Dooms is a census-designated place (CDP) in Augusta County, Virginia, United States. As of the 2020 census, Dooms had a population of 1,279. It is part of the Staunton-Waynesboro Micropolitan Statistical Area.
==Geography==
Dooms is located at (38.102255, −78.853735).

According to the United States Census Bureau, the CDP has a total area of 4.0 mi2, all land.

==Demographics==
|2020= 1279

As of the census of 2000, there were 1,282 people, 522 households, and 386 families residing in the CDP. The population density was 323.0 /mi2. There were 553 housing units at an average density of 139.3 /mi2. The racial makeup of the CDP was 97.43% White, 1.33% African American, 0.08% Asian, and 1.17% from two or more races. Hispanic or Latino of any race were 0.62% of the population.

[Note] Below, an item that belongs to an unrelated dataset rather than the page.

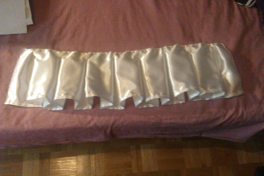 Compré raso blanco, para que el brillo le diese más gracia, y para que tuviese vuelo decidí hacerla de tablones bastante anchos (10 cm) y con una cinturilla de 5 cm. Sinceramente antes de hacerla no sabía la diferencia entre una falda de tablas y una de tablones, pero en un blog de cosplay lo explicaban de lujo (por si interesa os dejo el enlace: http://biterdreams.blogspot.com.es/2012/08/tutorial-sobre-falda-de-tablas-y-falda.html)
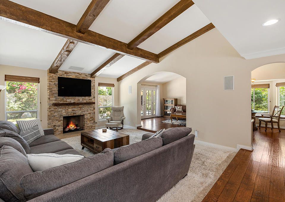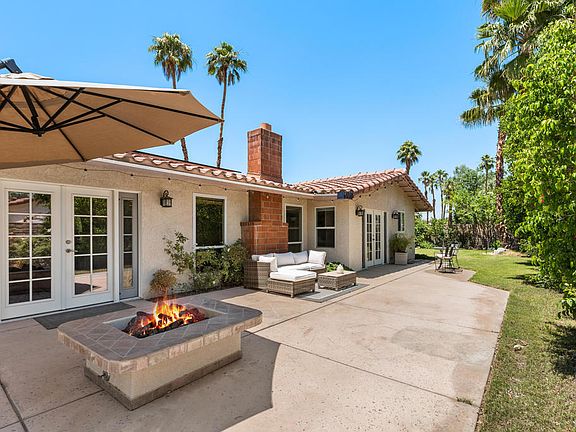 This Stunning three-bedroom, two-bath, Single-family home is in the Sagewood community of Palm Desert. The previous seller says home is approximately 1900 sq ft. Seller owned SOLAR. The home has a newly installed Solar Energy System-fully paid for. Seller says with 23 panels, 1.45 times the current usage. Buyer to verify. The living room features a high ceiling with natural wood beams, a stacked stone fireplace, and crown molding. The home is equipped with 5 five wall-mounted televisions. The kitchen has stainless steel GE Monogram appliances, modern white cabinets, light countertops, and a redbrick-style backsplash--a cozy breakfast nook with bay window, bench seating and storage underneath. The Primary bedroom suite includes a built-out extension with French Doors, a desk area, a bathroom with dual sinks, an oval free-standing tub, a glassed tiled shower, and walk-in closet. Primary bedroom, family room with French doors open to a large patio with a fire pit, barbeque, and an extra-large leisure area, and room for pool/spa. Additionally, there is a 12 x 15 ft. zero maintenance synthetic turf putting green with four holes and an extra-large synthetic turf area in the rear side yard. Several varieties of citrus trees. The Sagewood community has plenty to offer -- including a basketball court, community pool/spa, and two tennis courts.

There were 522 households, out of which 26.6% had children under the age of 18 living with them, 59.8% were married couples living together, 9.4% had a female householder with no husband present, and 25.9% were non-families. 21.1% of all households were made up of individuals, and 10.2% had someone living alone who was 65 years of age or older. The average household size was 2.40 and the average family size was 2.77.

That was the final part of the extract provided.